Harmony: I got to thinking that we use these animals as museum exhibits in the living history museum, that is our Historic Area, and I got to thinking you yourself are kind of a museum exhibit. Your trade, your expertise, the care of animals, the raising and the husbanding, the care that you take of animals is so rarely seen anymore. Do you feel like this is an expertise that our society is kind of evolving away from or has outsourced?
Elaine: I think that’s true with all of agriculture. We’ve really gotten away from agriculture as something that everybody understands and everybody’s involved in. Now having said that, I think we’re starting to see a turn-around with people having gardens, and chickens are the hot pet to have now. More and more townships and counties are allowing chickens in urban settings. So I kind of hope we have turned the corner, but it is a job that not an awful lot of people are familiar with.

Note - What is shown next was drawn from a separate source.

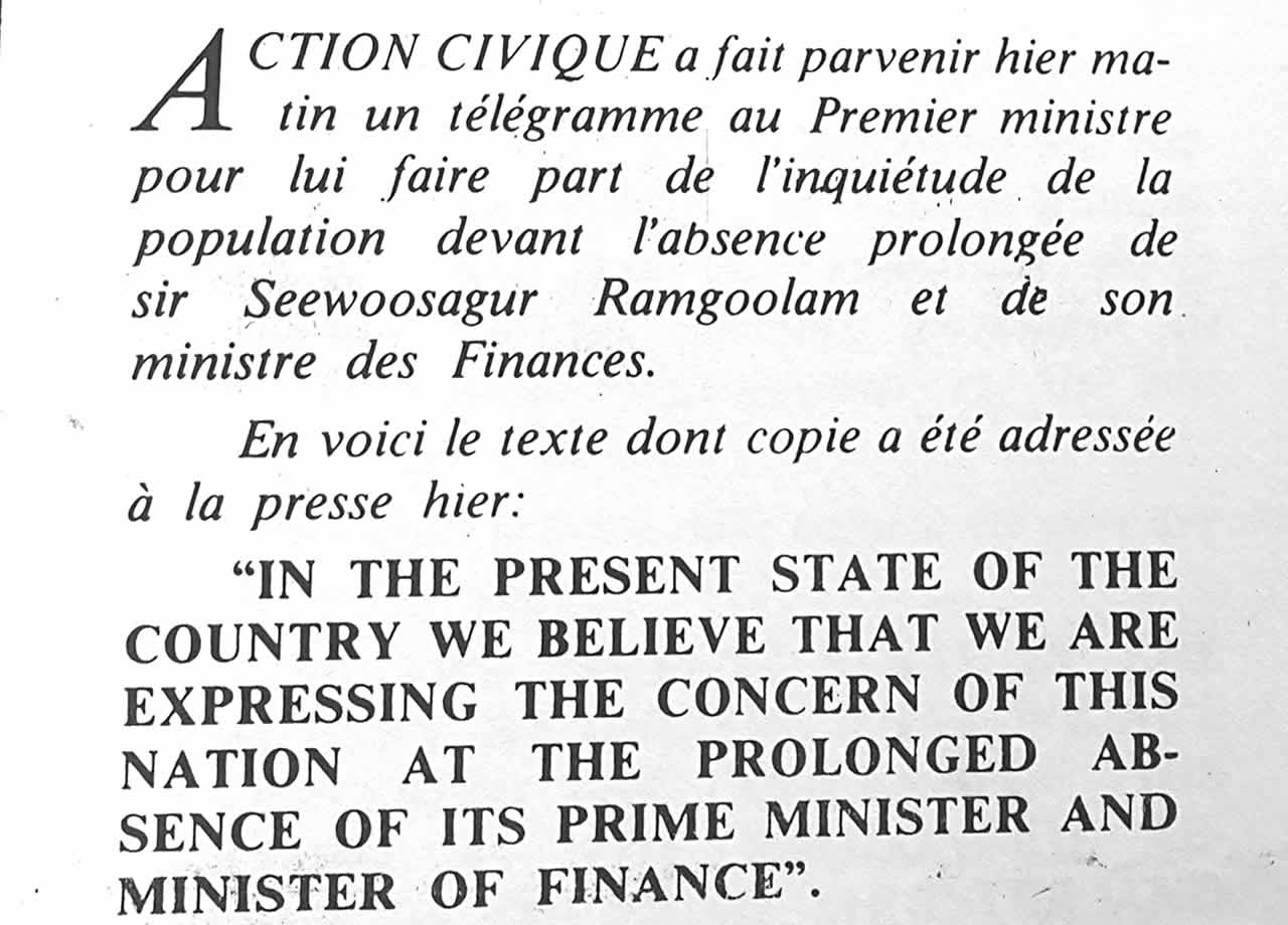 [[{"type":"media","view_mode":"media_large","fid":"19352","attributes":{"class":"media-image size-full wp-image-33287","typeof":"foaf:Image","style":"","width":"1280","height":"920","alt":"Coupure de presse du t\u00e9l\u00e9gramme qu"}}]] Coupure de presse du télégramme qu'il avait envoyé à sir Seewoosagur Ramgoolam demandant à ce dernier de rentrer au pays.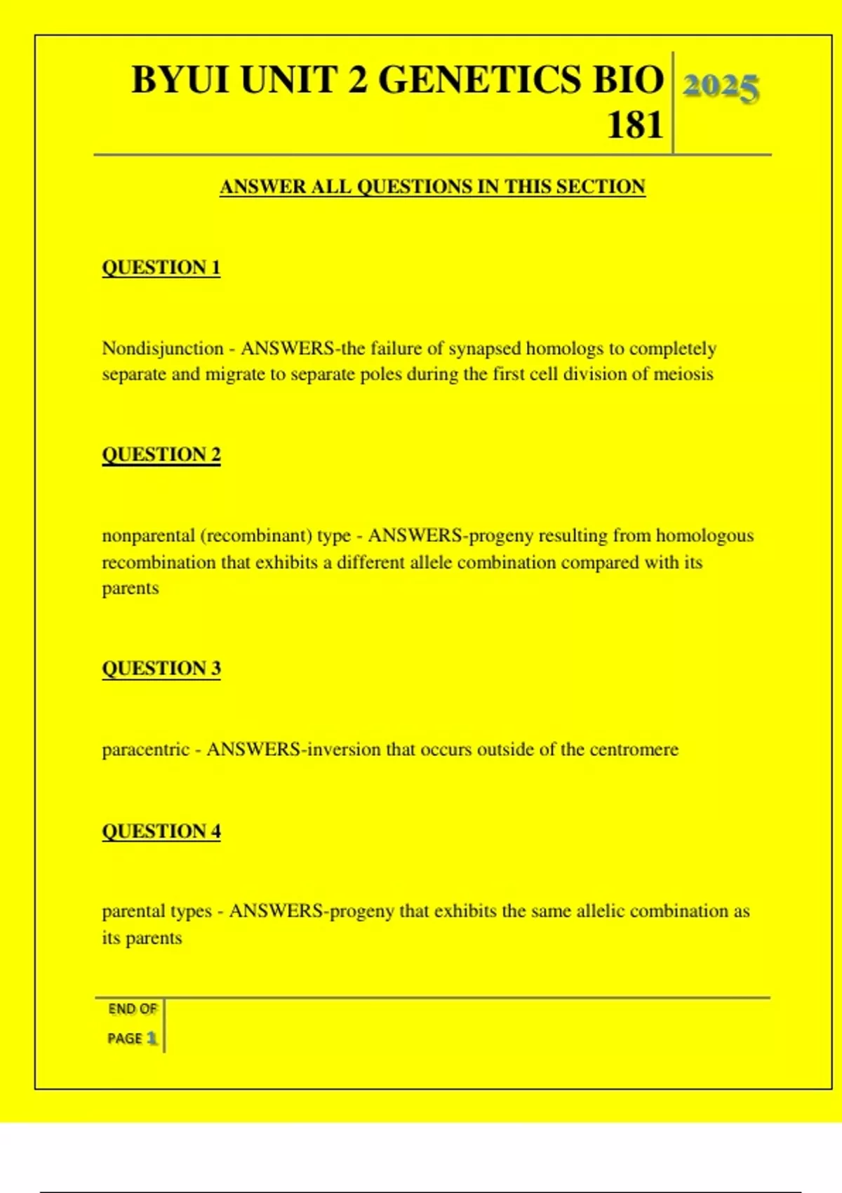 BYUI UNIT 2 GENETICS BIO 181 QUESTIONS AND ANSWERS 2025

A huge part of it is just common sense, to be perfectly honest. You should look at the animals and understand them when they’re healthy so that you can look at them and say, “That animals doesn’t quite look right. That chicken’s not holding his tail quite the way he was. That sheep’s looking droopy.” So you can catch problems before they arise. Because livestock’s pretty good at hiding the fact that they’re ill, because if they’re out on the plains and they look ill then a wolf is going to say, “Hmmmm, that one could be easy to catch.”
Harmony: When people come through the Historic Area this summer, as we hope many, many of them do, what do you want them to look for or what do you want them to appreciate, what do you want them to see when they look at this diversity of animals that they’ll find here.
Elaine: I want them to see their history. To think about the fact that if they had lived 200 years ago they probably would have had a few acres, one or two cows, a couple of sheep, a couple of horses, two or three pigs and a flock of chickens and would have had contact with those animals every day. The women would have been milking the cows every day. The men and the women to some extent would have been working the horses and the cattle in the field. So it’s a tactile, hands-on experience that you would have had 200 years ago.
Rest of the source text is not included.